┌──
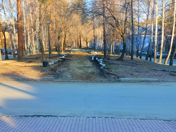 Далее, от Музрукова до набережной у "Айвенго", тоже выполнен демонтаж асфальта. Так что теперь по центру до озера не пройти. Только по боковым аллеям.
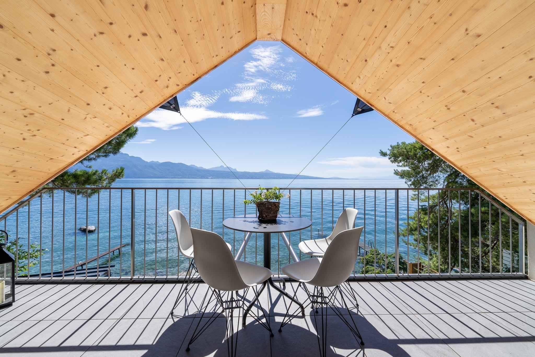 Located on the first line of the lake, this recently built property comprises two duplex apartments. It offers 290 m² of living space spread over 8.5 rooms, with direct access to the lake, a private pontoon, a mooring place and a boat shelter.
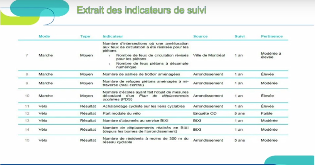 Le transport en commun constitue également un des objectifs. À ce chapitre, l’arrondissement fait des représentations auprès des autorités de la STM et Jérôme Normand précise qu’Ahuntsic-Cartierville a un canal privilégié avec la STM. En outre, précise-t-il, pour chaque mesure concernant le transport en commun, la STM a validé à chaque fois les propositions, c’est à dire qu’elle les a jugées recevables, tout en se gardant de les accepter d’emblée.
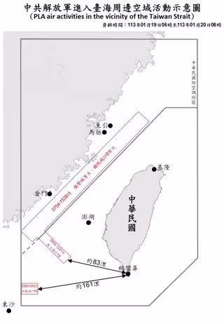Mapa de las incursiones de cazas chinos en el espacio aéreo de Taiwán - MINISTERIO DE DEFENSA DE TAIWÁN
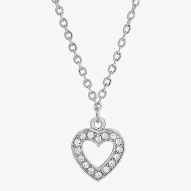 1928 Silver Tone Womens Crystal Alloy Heart 16 Inch Pendant Necklace
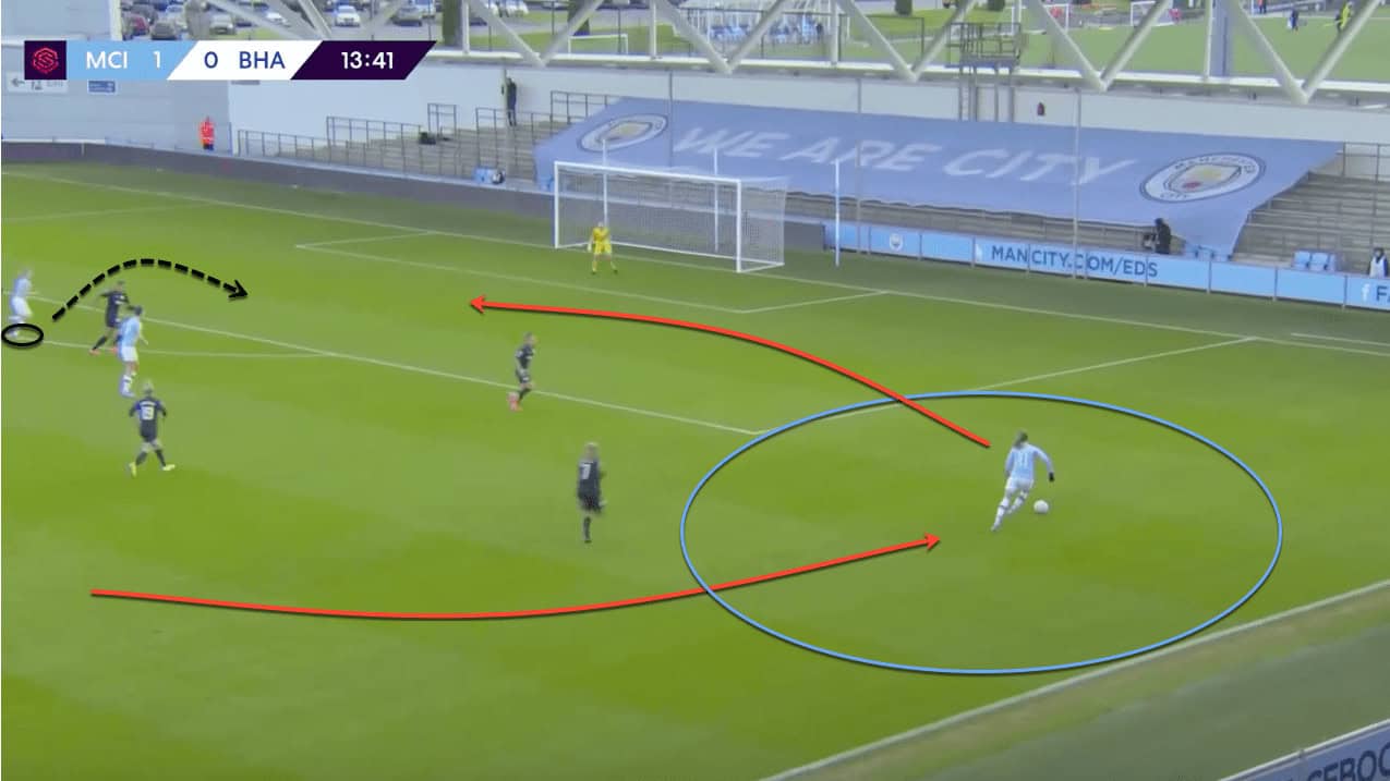 Below you are able to see another example of Beckie’s dynamic position she has taken. Possession has quickly been shifted from the left side of the pitch into Houghton in the heart of defence before this image. The City captain then picks out Beckie who has drifted into a right-wing position to take advantage of the space Brighton & Hove Albion Women have left vacant. This area is so often exploited by the right-back because sides will switch off in this position due to the lack of a right-winger occupying this space. Defenders drift inwards to help deal with the overloads City are trying to create in the middle of the pitch. Beckie then produces a brilliant cross into the feet of White, who finishes with ease behind the defensive line.
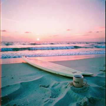 Mood: Warm and hopeful but slightly tired, salty skin, tired legs, early morning coastal drive, board on the roof, chasing waves
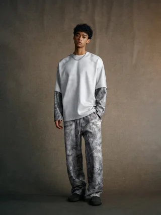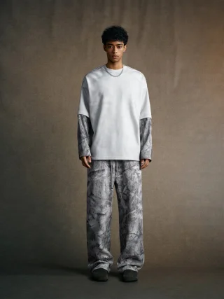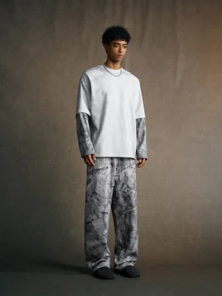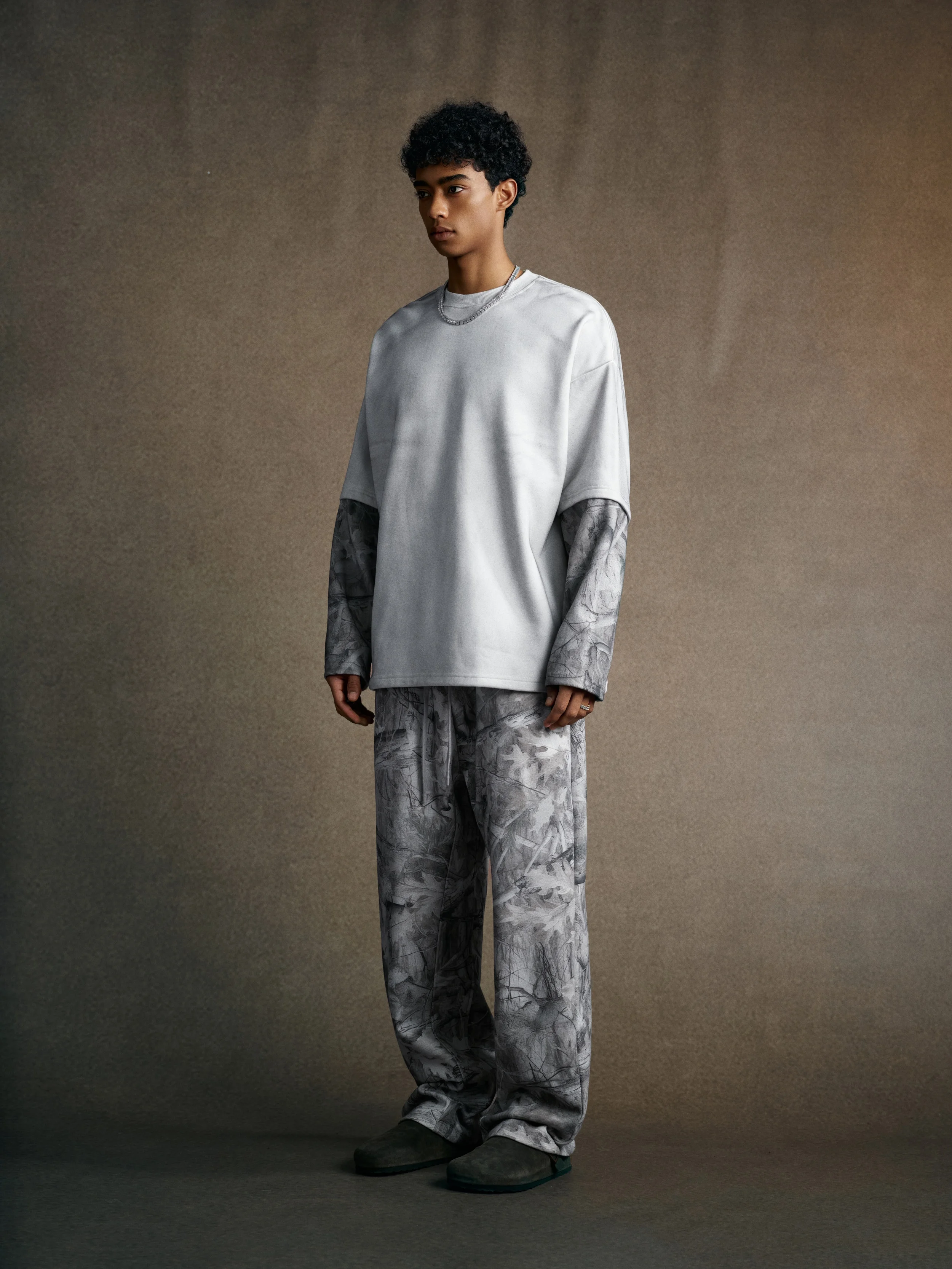 340GSM Men’s Heat Transfer Desert Camouflage Layered Look Long-Sleeve T-Shirt
└──
Copy, exactly and exclusively, the lines beginning with the one that contains "Mood: Warm and" and ending with the last line of the listing; pictures are to be omitted.

 Mood: Warm and hopeful but slightly tired, salty skin, tired legs, early morning coastal drive, board on the roof, chasing waves
 340GSM Men’s Heat Transfer Desert Camouflage Layered Look Long-Sleeve T-Shirt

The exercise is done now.